___ INFORMATION SUPPLIED
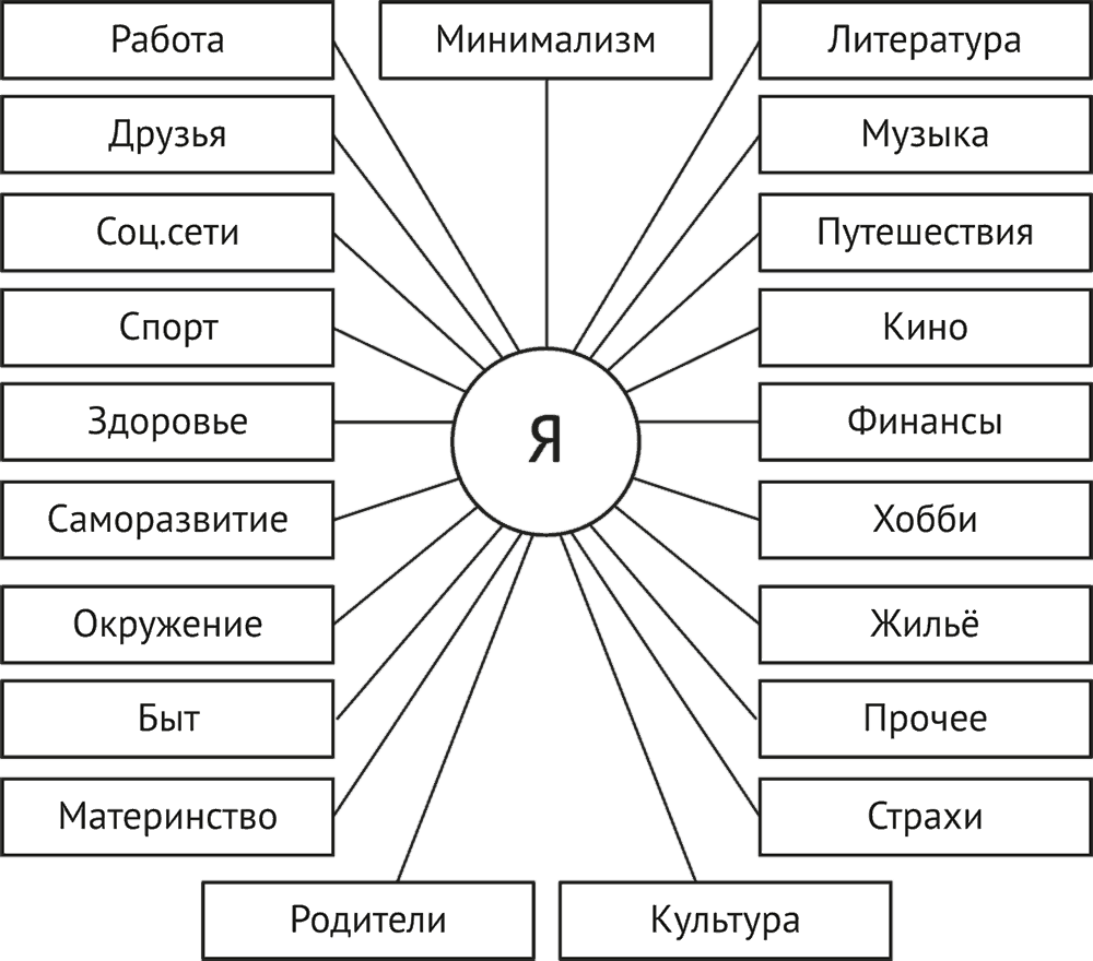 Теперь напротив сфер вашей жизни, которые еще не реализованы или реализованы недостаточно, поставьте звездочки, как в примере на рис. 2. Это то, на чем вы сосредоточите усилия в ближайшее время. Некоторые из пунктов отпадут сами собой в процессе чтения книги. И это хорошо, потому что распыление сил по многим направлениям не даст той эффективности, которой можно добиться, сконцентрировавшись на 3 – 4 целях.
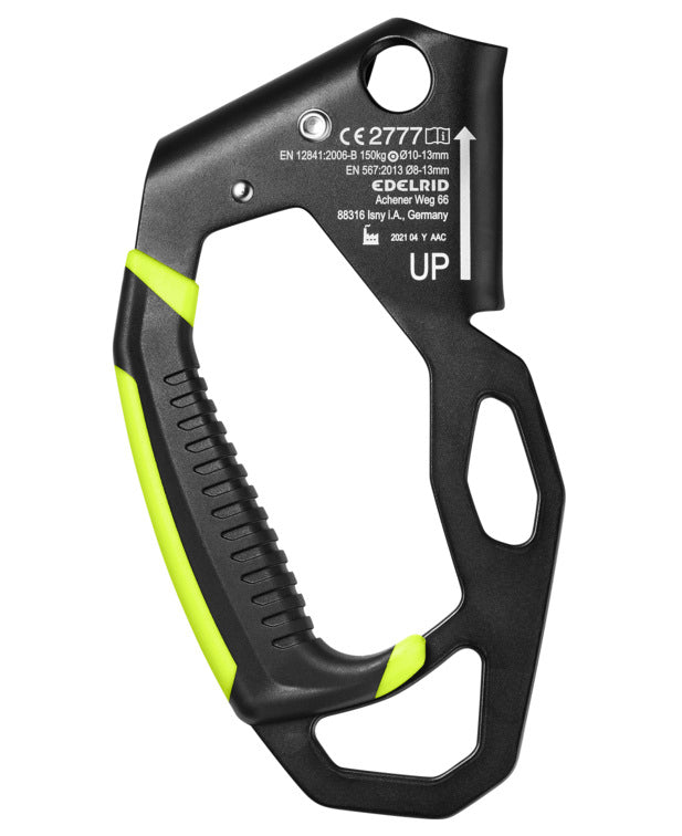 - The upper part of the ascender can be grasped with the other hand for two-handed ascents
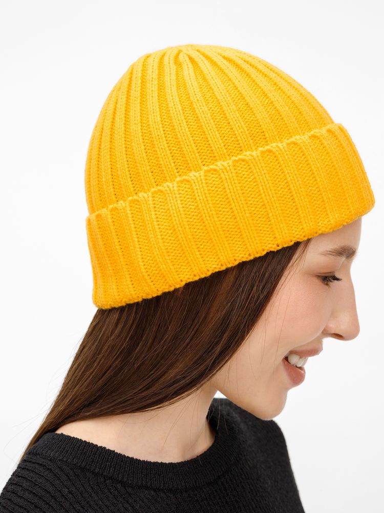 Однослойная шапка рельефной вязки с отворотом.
______
___ INFORMATION SUPPLIED
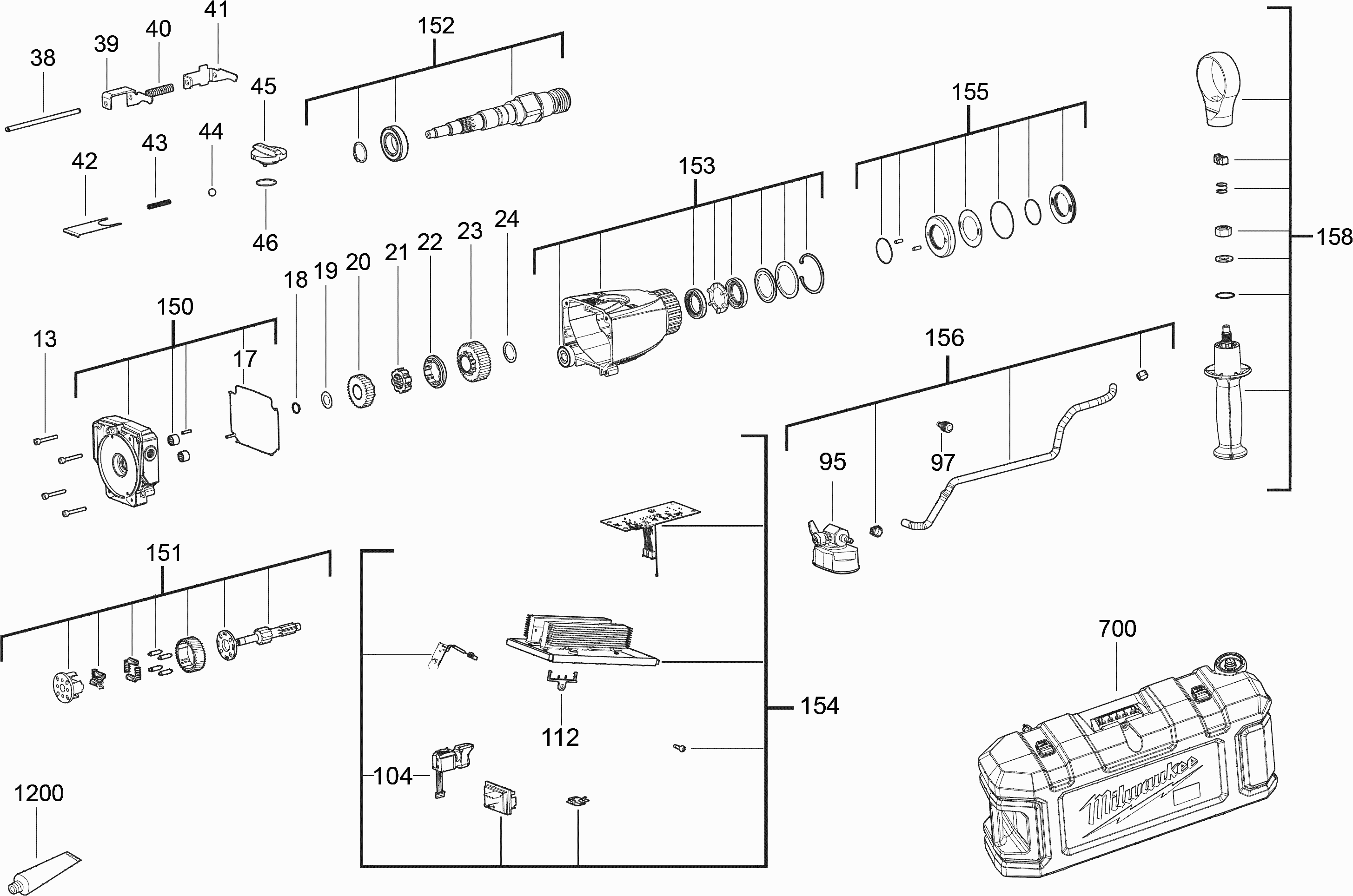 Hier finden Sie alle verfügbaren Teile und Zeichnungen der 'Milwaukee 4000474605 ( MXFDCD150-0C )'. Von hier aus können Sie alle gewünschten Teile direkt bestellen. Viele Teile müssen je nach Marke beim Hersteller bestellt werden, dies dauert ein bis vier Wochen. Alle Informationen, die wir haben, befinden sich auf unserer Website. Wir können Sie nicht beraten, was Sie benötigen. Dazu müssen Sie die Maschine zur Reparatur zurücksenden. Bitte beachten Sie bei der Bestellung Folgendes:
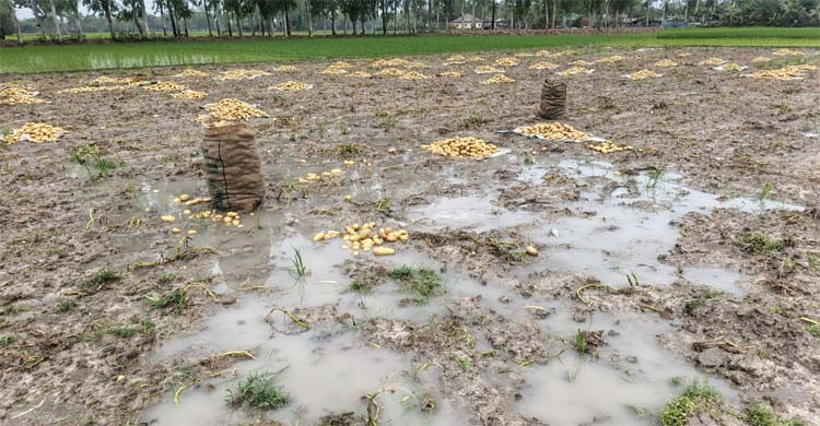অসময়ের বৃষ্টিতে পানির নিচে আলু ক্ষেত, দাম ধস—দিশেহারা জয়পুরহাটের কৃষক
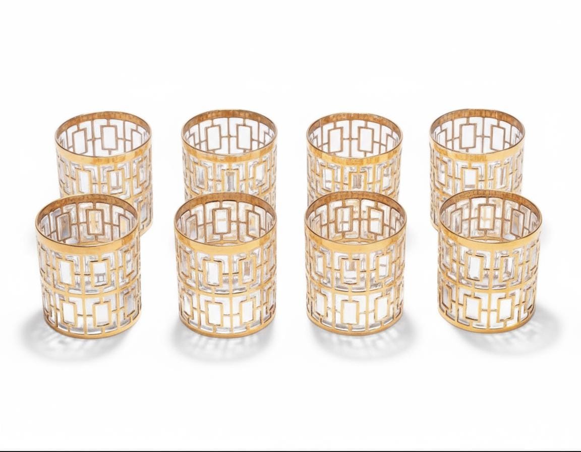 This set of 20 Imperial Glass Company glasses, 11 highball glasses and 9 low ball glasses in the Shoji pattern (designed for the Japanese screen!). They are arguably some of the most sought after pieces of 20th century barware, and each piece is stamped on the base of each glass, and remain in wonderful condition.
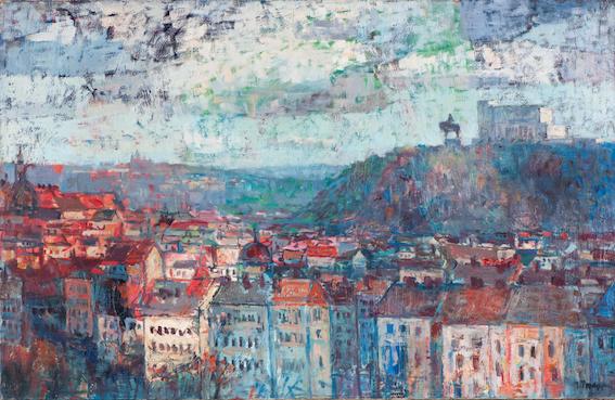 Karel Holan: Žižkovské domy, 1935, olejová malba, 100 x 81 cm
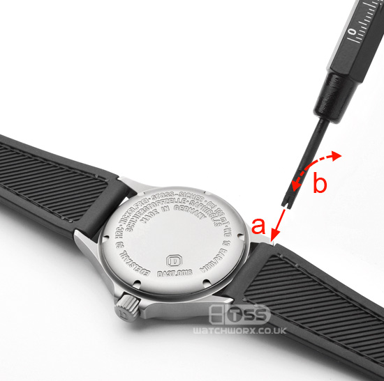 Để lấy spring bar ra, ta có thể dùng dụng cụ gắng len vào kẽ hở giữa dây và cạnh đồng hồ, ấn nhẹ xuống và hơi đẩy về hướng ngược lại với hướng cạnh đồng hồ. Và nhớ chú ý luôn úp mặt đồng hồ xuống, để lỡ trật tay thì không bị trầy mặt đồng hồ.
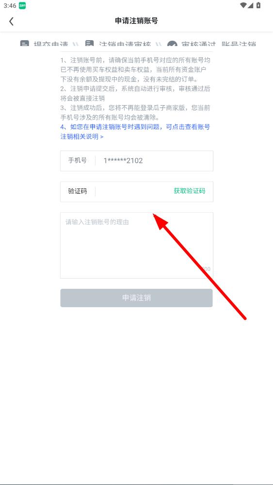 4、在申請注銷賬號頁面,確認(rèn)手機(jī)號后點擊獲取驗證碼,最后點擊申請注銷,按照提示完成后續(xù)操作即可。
______
▶ [EXERCISE PROMPT]:
Output only the lines above from the one containing "অসময়ের বৃষ্টিতে পানির" to the one containing "Karel Holan: Žižkovské", both included, exactly as written and with no pictures.

▶ [SOLUTION FOR THIS PROBLEM]:
অসময়ের বৃষ্টিতে পানির নিচে আলু ক্ষেত, দাম ধস—দিশেহারা জয়পুরহাটের কৃষক
 This set of 20 Imperial Glass Company glasses, 11 highball glasses and 9 low ball glasses in the Shoji pattern (designed for the Japanese screen!). They are arguably some of the most sought after pieces of 20th century barware, and each piece is stamped on the base of each glass, and remain in wonderful condition.
 Karel Holan: Žižkovské domy, 1935, olejová malba, 100 x 81 cm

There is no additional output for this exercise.